ABOUT THIS TASK —
Transcribe all the lines below exactly. Omit the pictures.

AVAILABLE DATA —
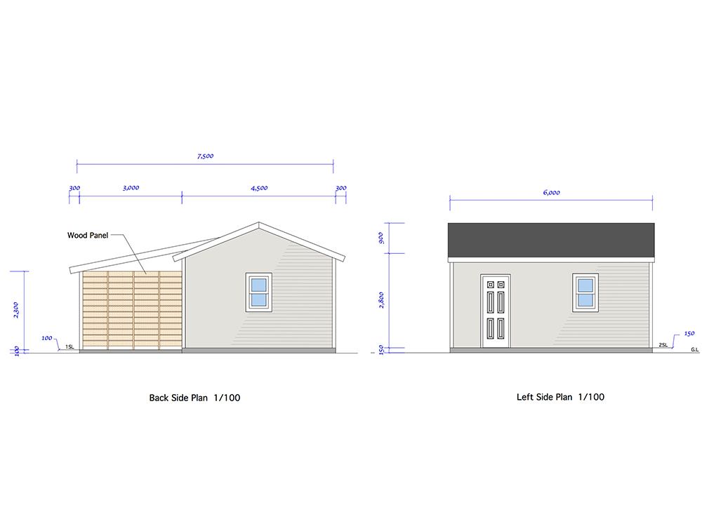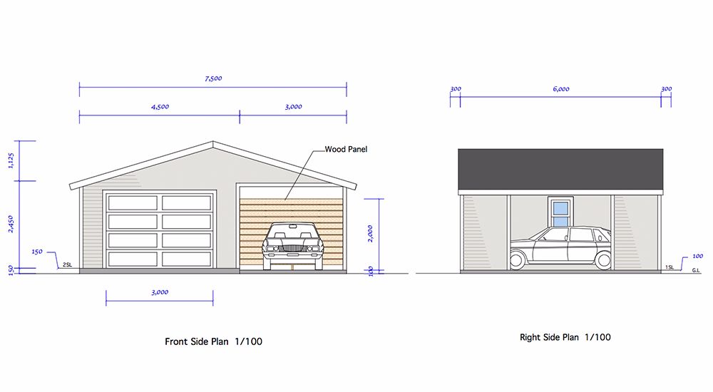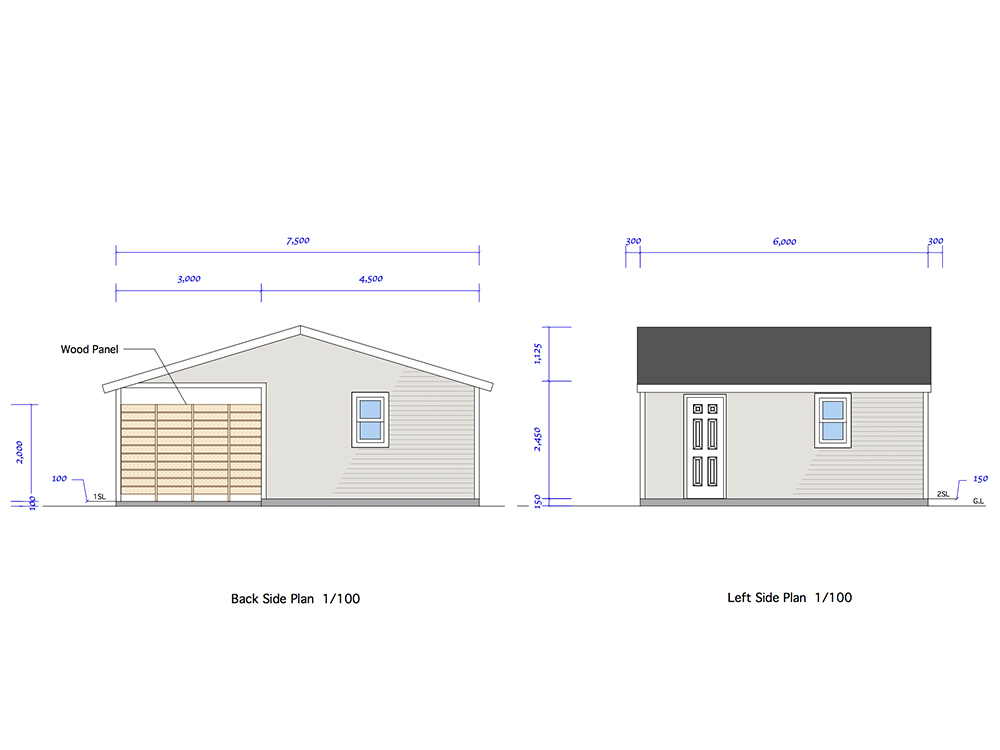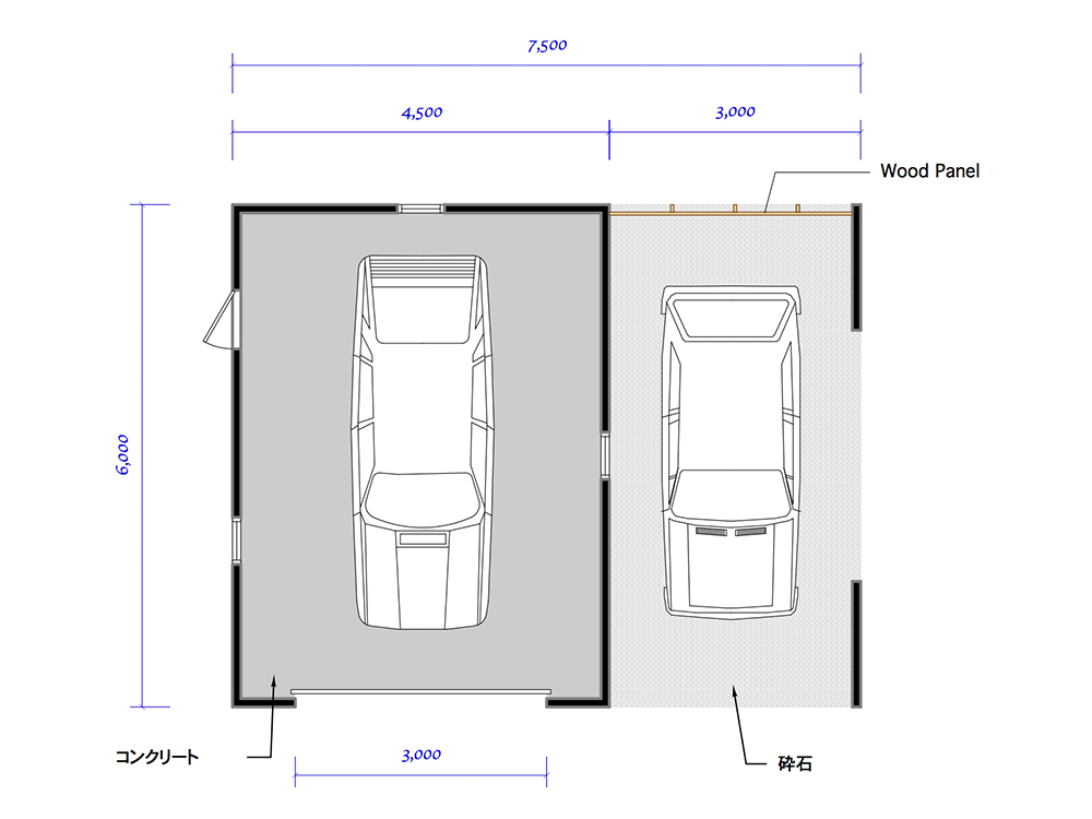 今回パースでご紹介しているサイズは全て7.5×6.0mです。以下写真とは異なりますが、カーポート付き木造ガレージのイメージ写真としてご覧下さい。
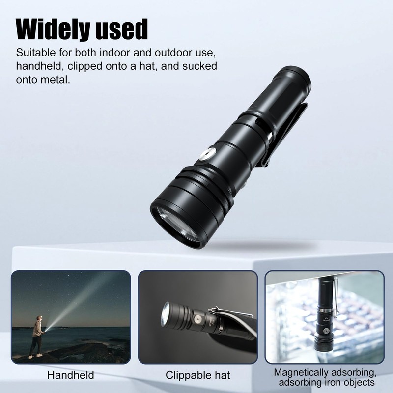 - Flashlights for Emergencies - One button switch, super compact size, very suitable for daily carrying, ready to respond to various emergency situations such as sudden power outages or going out. The magnetic tail design can be sucked onto the car or other metal surfaces, helping to release both hands.
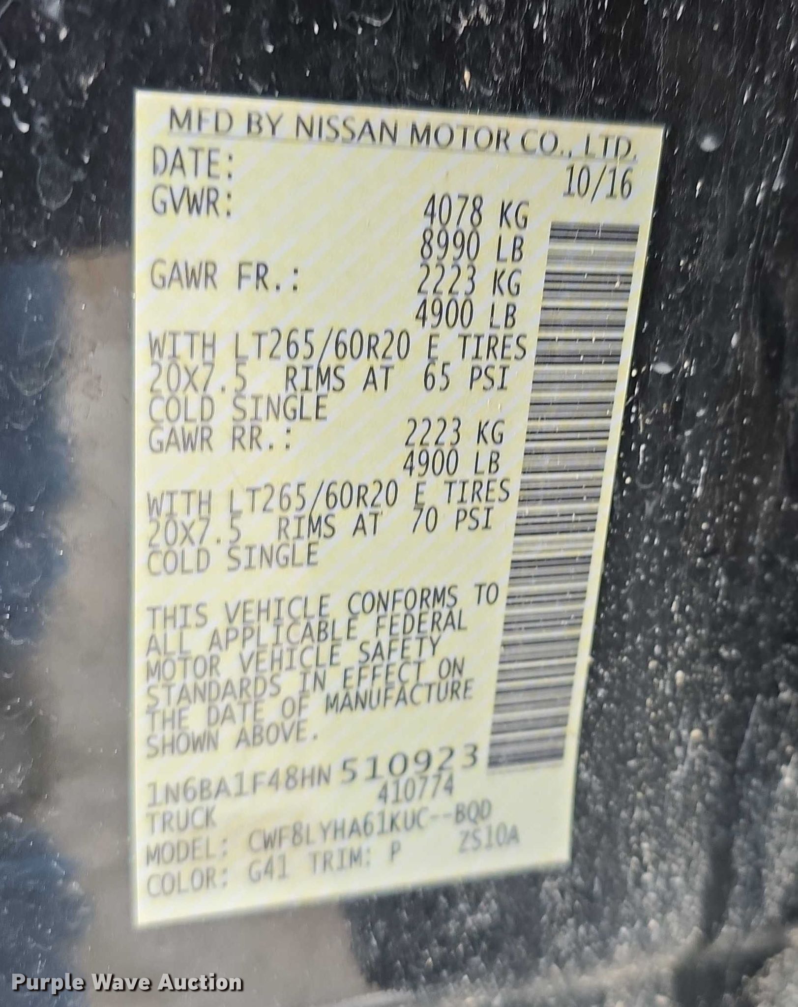 Purple Wave is selling a used 1/2 Ton Pickup or Van in Kansas. This item is a 2017 Nissan Titan XD Platinum Reserve Crew Cab pickup truck with the following: Miles: 94,865 on odometer, VIN: 1N6BA1F48HN510923

THE COMPLETED TASK —
 今回パースでご紹介しているサイズは全て7.5×6.0mです。以下写真とは異なりますが、カーポート付き木造ガレージのイメージ写真としてご覧下さい。
 - Flashlights for Emergencies - One button switch, super compact size, very suitable for daily carrying, ready to respond to various emergency situations such as sudden power outages or going out. The magnetic tail design can be sucked onto the car or other metal surfaces, helping to release both hands.
 Purple Wave is selling a used 1/2 Ton Pickup or Van in Kansas. This item is a 2017 Nissan Titan XD Platinum Reserve Crew Cab pickup truck with the following: Miles: 94,865 on odometer, VIN: 1N6BA1F48HN510923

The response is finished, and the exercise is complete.